One of the unintended consequences of the violation of Iraqi sovereignty was that their Parliament and Public were furious and passed a resolution asking US troops to leave the country which obviously met with the Trumpian ire. Moreover, both Iran and Iraq have been witnessing huge demonstrations by the disaffected people against the respective governments and killing of Soleimani and the aftermath provided distraction and invigorated the national fervour and rancour against the Americans.

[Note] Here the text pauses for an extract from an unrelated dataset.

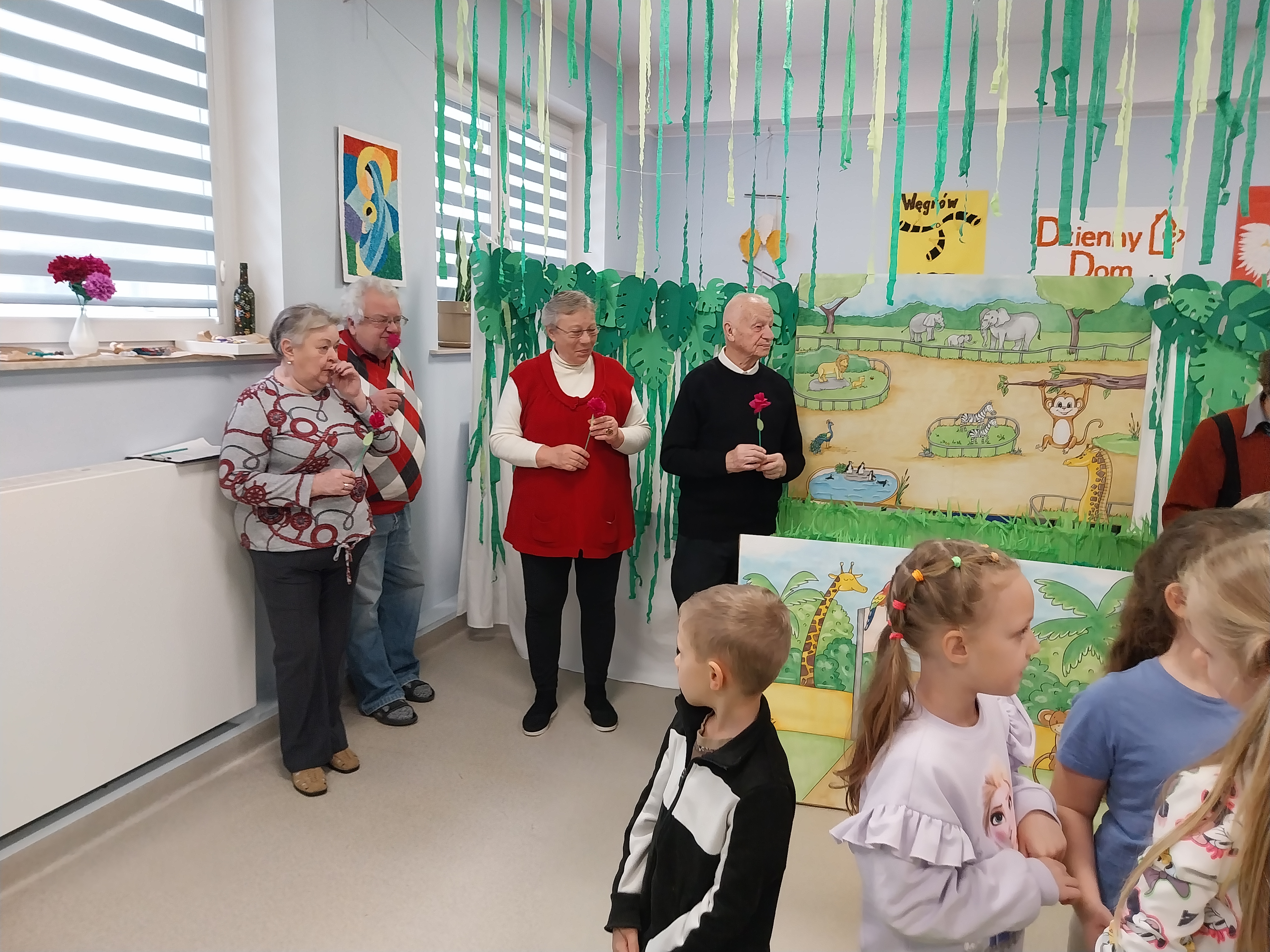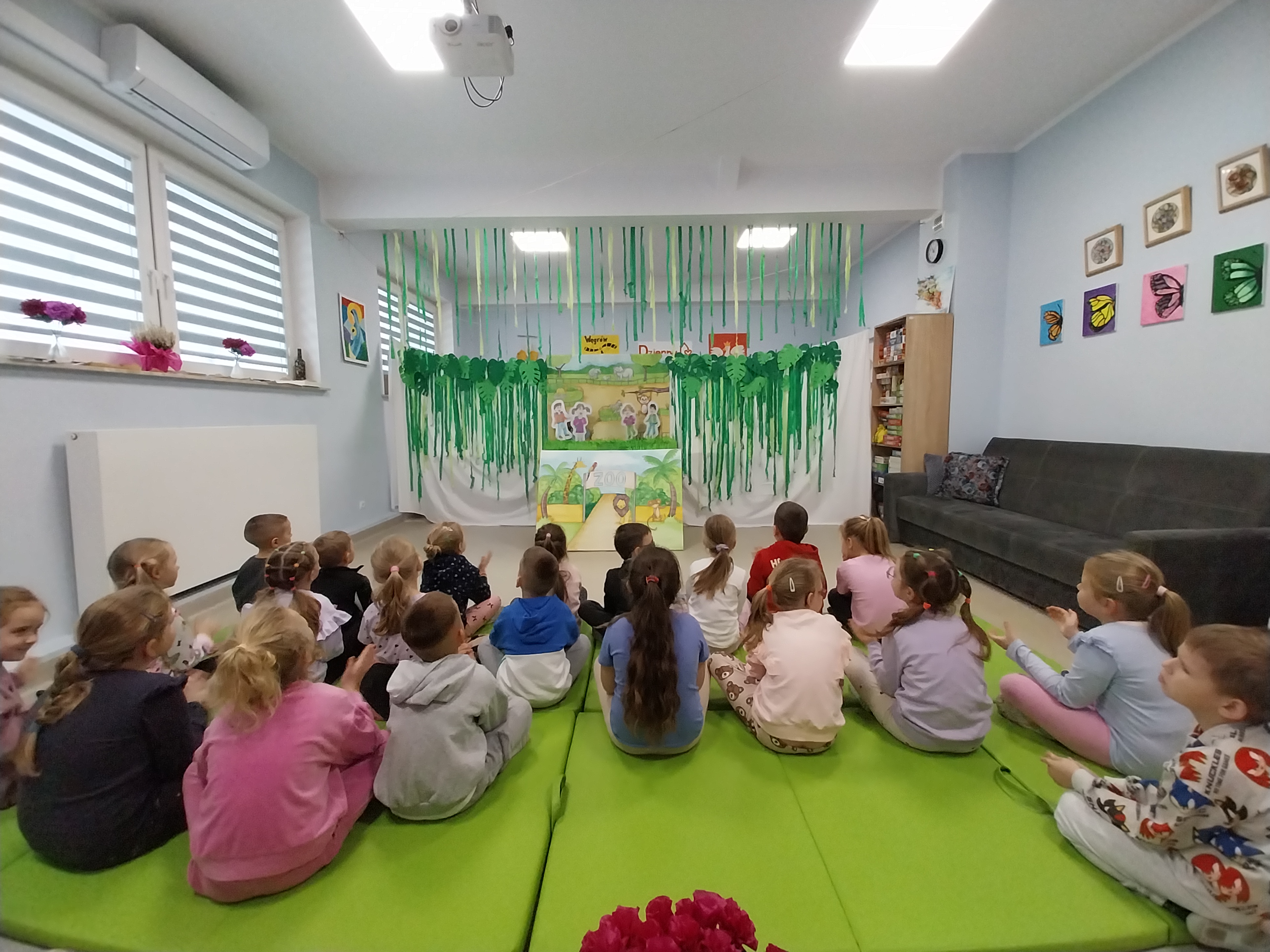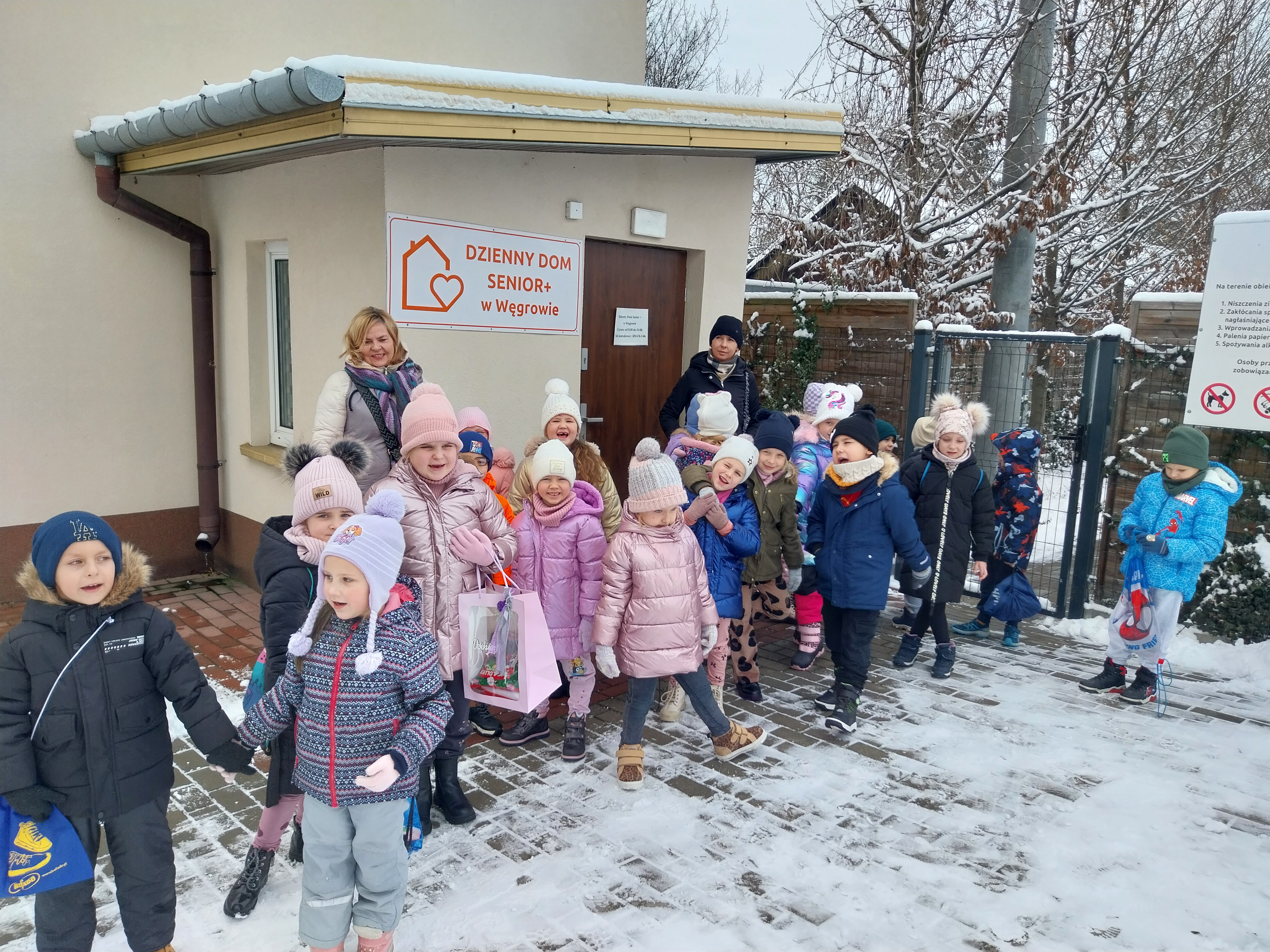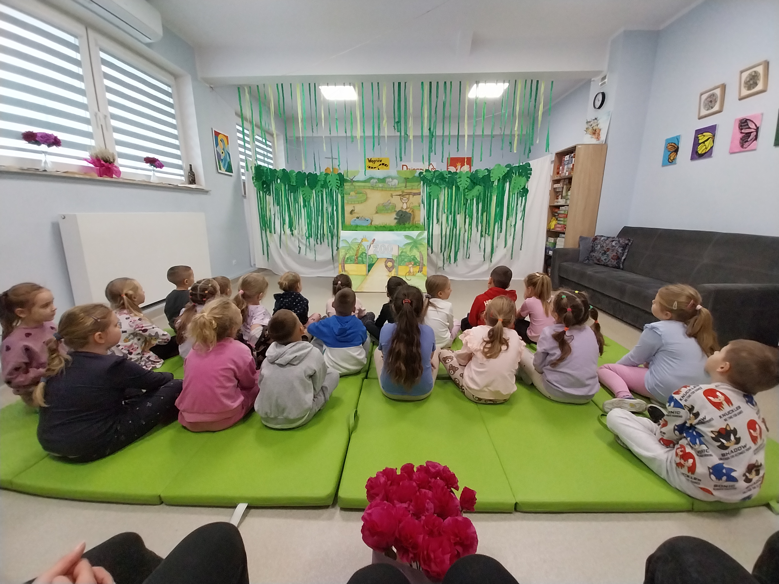Dnia 24.11.2025 r. spacerkiem udaliśmy się do Dziennego Domu Senior + . Była to kolejna nasza wizyta . Wcześniej to my zrobiliśmy niespodziankę, prezentując koncert jesienny z okazji Dnia Osób Starszych od nas. Tym razem dostaliśmy zaproszenie na przedstawienie teatralne pt.: "Wycieczka do ZOO" . Artyści spisali się na medal! Dzieci z uwagą obejrzały spektakl i obdarowały występujących gromkimi brawami. Z wielkim zaangażowaniem uczestniczyły w zabawie "Zgaduj- zgadula" oraz w przygotowanych atrakcjach . Było to bardzo miłe spotkanie. Wspólnie spędzony czas, integracja oraz wzmocnienie więzi międzypokoleniowych. Bardzo dziękujemy!

Finally, Libya came on the radar of the international community when Berlin Conference was organised with the initiative and support of German Chancellor Angela Merkel and President Putin of Russia. This became possible after Putin and Turkish President Erdogan agreed to deescalate conflicts in Syria and Libya. In the Libyan theatre Russia supports General Haftar who has laid seize to Tripoli since April last year against the internationally recognised government of Prime Minister Serraj. Turkey has been supportive of the western Libyan groups and Islamists and signed two maritime agreements with Serraj government. This enabled them to militarily intervene on behalf of Tripoli. Turkish parliament endorsed deployment of troops. However, temporarily the truce was achieved and held despite occasional violations after Berlin even though the ambitious General Haftar refused to sign the agreement in Moscow meet and subsequently at Berlin. Problem with Berlin declaration , an exhaustive statement, was lack of effective deterrents against violators be they the western and regional supporters of the two sides or for that matter continued supply of weaponry in violation of the UN imposed ban even though it was agreed to set up a 5+5 committee with equal representation to work out modalities. However, UN was to take the lead and efforts were to be made for reaching and ensuring a ceasefire before the political process could ensue. Even though fickle and somewhat non-serious this has been a key effort in years to attempt to resolve the Libyan crisis.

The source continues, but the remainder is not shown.